Why anyone would remake Howard Hawks’ iconic 1946 film noir is a mystery. The answer in Michael Winner’s case seems to be a complete lack of competence.
Made for British television, specifically Lew Grade's ITV conglomerate, the story is transposed from 1940s LA to 1970s London, from black and white seediness to a Country Life picturesqueness and a grab-bag of headlining English and UK actors are pressed into service to careen us through the notoriously convoluted plot of Chandler’s novel.
If the complete jettisoning of the noir style in favour of an interior decor magazine aesthetic is the most bizarre global change most of the performance are staggeringly bad. The worst offenders are Edward Fox as a gun-wielding blackmailer, Sarah Miles in the Lauren Bacall role plays sultry a like a repertory coquette and the less said about Candy Clark as the kooky younger sister the better.
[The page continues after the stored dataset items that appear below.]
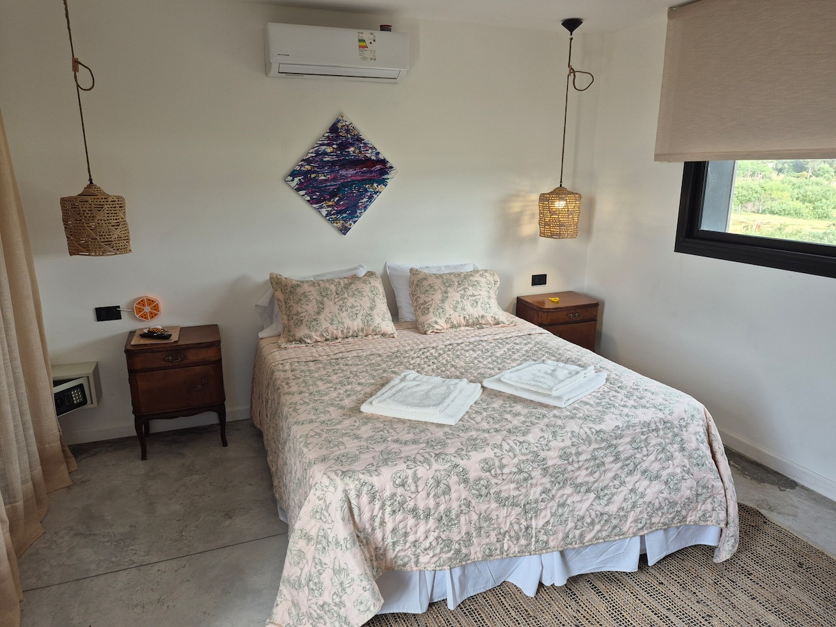 Esta acogedora habitación privada es perfecta para quienes buscan privacidad y practicidad en Punta del Este. La habitación cuenta con cama doble, tv cable, aire acondicionado, baño en suite y conexión wifi gratuita. Ideal para relajarte después de un día en las cercanas Playa Brava o Playa Mansa. Disfruta de tu espacio mientras conoces gente linda en Pastora. La mejor ubicación!
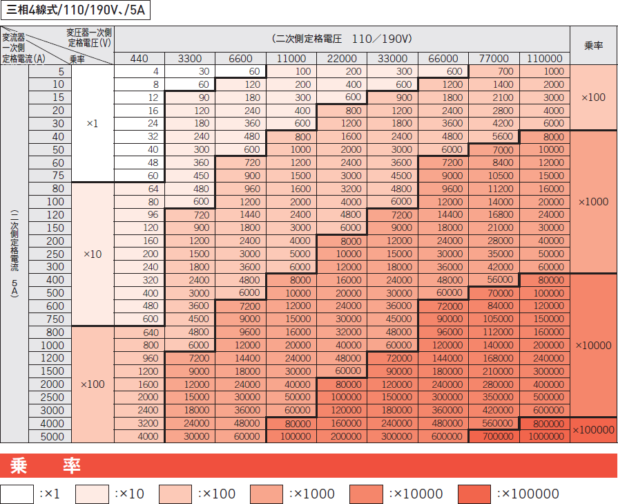 注1)太線はJISの標準乗率を示します。 注2)合成変成比倍の場合の乗率は、表中の合成変成比の値と同じです。 また、1/10合成変成比倍の場合の乗率は、表中の合成変成比を10で割った値となります。 注3)三相4線式の変圧器一次側定格電圧は相電圧を示します。
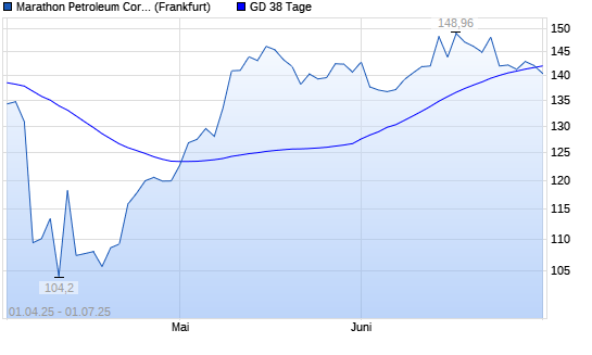 Mit dem Rücksetzer auf 141,06 EUR hat die Marathon Petroleum-Aktie am 30.06.2025 die 38-Tage-Linie nach unten gekreuzt.
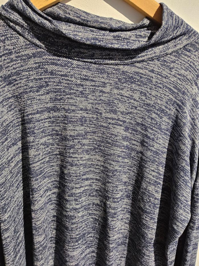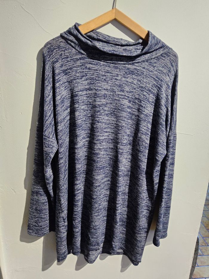 🛍️ Haut manches longues bleu chiné – Tendance & confortable Taille : 52/54 (convient jusqu’au XXL) État : Très bon état Magnifique haut ample à manches longues, coloris bleu/gris chiné. Matière douce et stretch, parfaite pour un look décontracté ou chic selon l’association. Col drapé élégant, coupe fluide qui tombe très bien. 👉 Idéal pour l’hiver et la mi-saison. 👉 Aucune tache, aucun accroc.
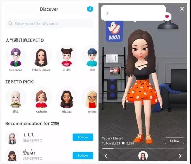 最后是陌生人推薦。在「發(fā)現(xiàn)」頁面,你會看到「人氣飆升」、「ZEPETO PICK」以及「為你推薦」,這是ZEPETO為你推薦的玩家,你可以選擇進入對方頁面,然后根據(jù)對方的形象、裝扮、空間環(huán)境等判斷對方的洗好和品位,進而決定是否要產(chǎn)生如關注、聊天等社交行為,而這也恰恰被眾多媒體解讀為ZEPETO試水陌生人社交的動作。
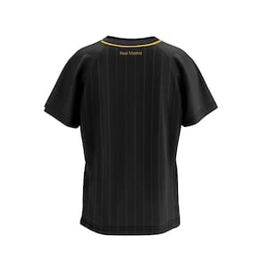 Raglan com vivos contrastante na gola, criando uma combinação black and gold. A peça apresenta estampa do escudo centralizado, uma tendência no universo esportivo.

An incongruously cast and clearly healthy James Stewart fails to be remotely convincing as the dying General Sherwood.
In the lead Robert Mitchum, who played Marlowe in the reasonably effective 1975 British version of Chandler’s Farewell My Lovely (originally made in Hollywood in 1944 as Murder My Sweet) is his usual world-weary self but he might as well have played against a green screen for all the connection between him and anything going on around him with the possible exception of Oliver Reed's deliciously campy Eddie Mars.
In itself Winner's film is not good, as a remake it is awful.